Pedagang Acung, antara himpitan ekonomi dan gangguan pariwisata

pedagang acung dikawasan wisataPernah suatu saat kami menghilangkan penat keseharian dengan jalan-jalan di kawasan pariwisata, saat itu kami hendak menikmati suasana sejuk pegunungan disalah satu kawasan wisata pegunungan di bali. Saat hendak turun dari kendaraan sejumlah pedagang acung menghampiri kami. untuk menghargai usaha mereka sejenak saya melirik barang dagangan mereka, yg saya lihat adalah pernak-pernik kerajinan tangan lokal seperti gelang, kalung, cincin, bollpoint dari bambu dan kerajinan lainnya seperti selendang, dan baju buatan lokal yang saya yakin itu bukan kerajinan setempat
, anda akan banyak menemui barang kerajinan sejenis di Pasar Seni Sukawati kabupaten gianyar di bali. Merasa tidak membutuhkan barang kerajinan tersebut (maklum, saya juga orang bali yg rumahnya tak sebegitu jauh dari Sukawati) maka saya menolak tawaran mereka, namun sekitar 10-15meter sejak kami menginjakkan kaki dari kendaraan, pedagang acung tersebut masih mengejar kami untuk menjual dagangan mereka, kembali saya tolak dengan halus, namun semangat jualan mereka memang tak tergoyahkan, beberapa dari mereka yang saya ingat sempat berkata "Dibeli satu pak buat pengelaris" dan yang lain berkata "Minta tolong pak barang dibeli satu aja, dari pagi belum makan" ucapnya lirih, bisa ditebak, bukan simpati yg mereka dapat, saya makin kesal dan kami kembali ke kendaraan kami dan pergi menjauh tanpa sempat menikmati udara sejuk pegunungan.
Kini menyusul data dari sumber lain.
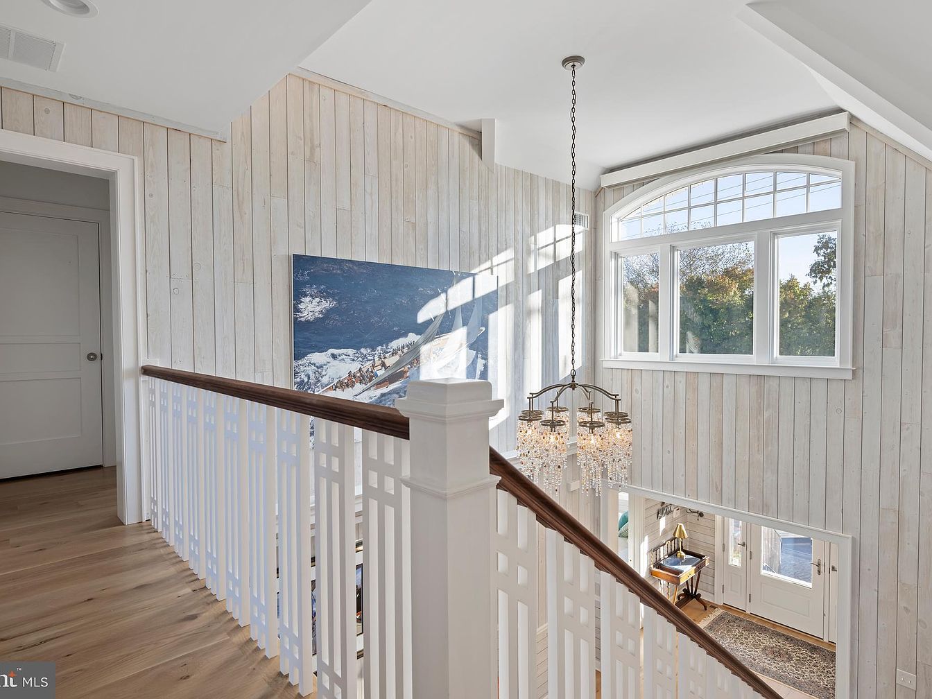 Bright, airy staircase landing with whitewashed vertical wood paneling covers the walls, creating a breezy, coastal feel. Natural light streams in through a large arched window above, illuminating the chandelier suspended over the stairwell. White-painted balusters with geometric cutouts and a dark-wood handrail line the stairs and landing. Wide, lightly stained wood plank floors enhance the sense of space, while a large modern maritime artwork serves as a focal point on the wall. The lower entryway is visible, featuring a patterned rug and a small side table, tying in a comfortable, welcoming atmosphere.

Bagaimana bisa seorang pedagang acung demikian gigihnya menjual barang dagangan mereka? saya yakin itu karena himpitan ekonomi, ibu dari salah seorang teman saya merupakan salahsatu dari sekian banyak pedagang acung dikawasan pariwisata, bahkan teman saya mampu menamatkan bangku perkuliahan salahsatunya dibiayai dari hasil keringat ibunya yang berjualan pernak-pernik dikawasan wisata. Inilah maksud dari tulisan saya kali ini, antara himpitan ekonomi dan gangguan pariwisata, yang mana menurut anda benar?

Melarang para pedagang acung berjualan dikawasan wisata tentu saja dirasa tidak adil bagi mereka, bagaimana mungkin kita melarang seseorang untuk menafkahi keluarga mereka? namun cara jualan yg arogansi juga malah akan membuat segalanya makin buruk, kawasan wisata yg terkenal akan arogansi dari para pedagang acung akan membuat kita berfikir dua kali untuk lancong kesana.

Bali merupakan tempat wisata yang dilirik oleh wisatawan lokal maupun mancanegara karena bali terkenal akan budaya dan keindahan alamnya yang tentu saja apabila dikelola dengan cara yang lebih profesional akan menyumbangkan devisa yg berlipat kali lebih besar bagi negara. Salahsatu cara pengelolaan pedagang acung adalah dengan membuat suatu kawasan tersendiri untuk berjualan, misalkan disediakan stand untuk berjualan, dan para guide setempat menggiring wisatawannya untuk mengunjungi kawasan tsb, saya rasa daerah wisata yg menyediakan stand kesenian lokal akan menambah nilai plus bagi daerah wisata itu sendiri.

Saya ambil contoh daerah wisata pegunungan bedugul di kabupaten Tabanan yg terkenal akan wisata taman rekreasi dengan produk lokal yg dijual adalah hasil kebun dan tanaman hias, begitu juga daerah batubulan-gianyar yg menjual kerajinan patung batu dan kayu, serta beberapa tempat lainnya dengan ciri khas daerah dengan produk lokalnya tersendiri yang tentunya menghasilkan keanekaragaman yang menjadi daya tarik tersendiri sehingga wisatawan betah berlama-lama di bali.

Demikian tulisan saya, ini murni dari pengalaman dan ide saya sendiri, masukan dari pembaca sekalian sangat berarti bagi saya.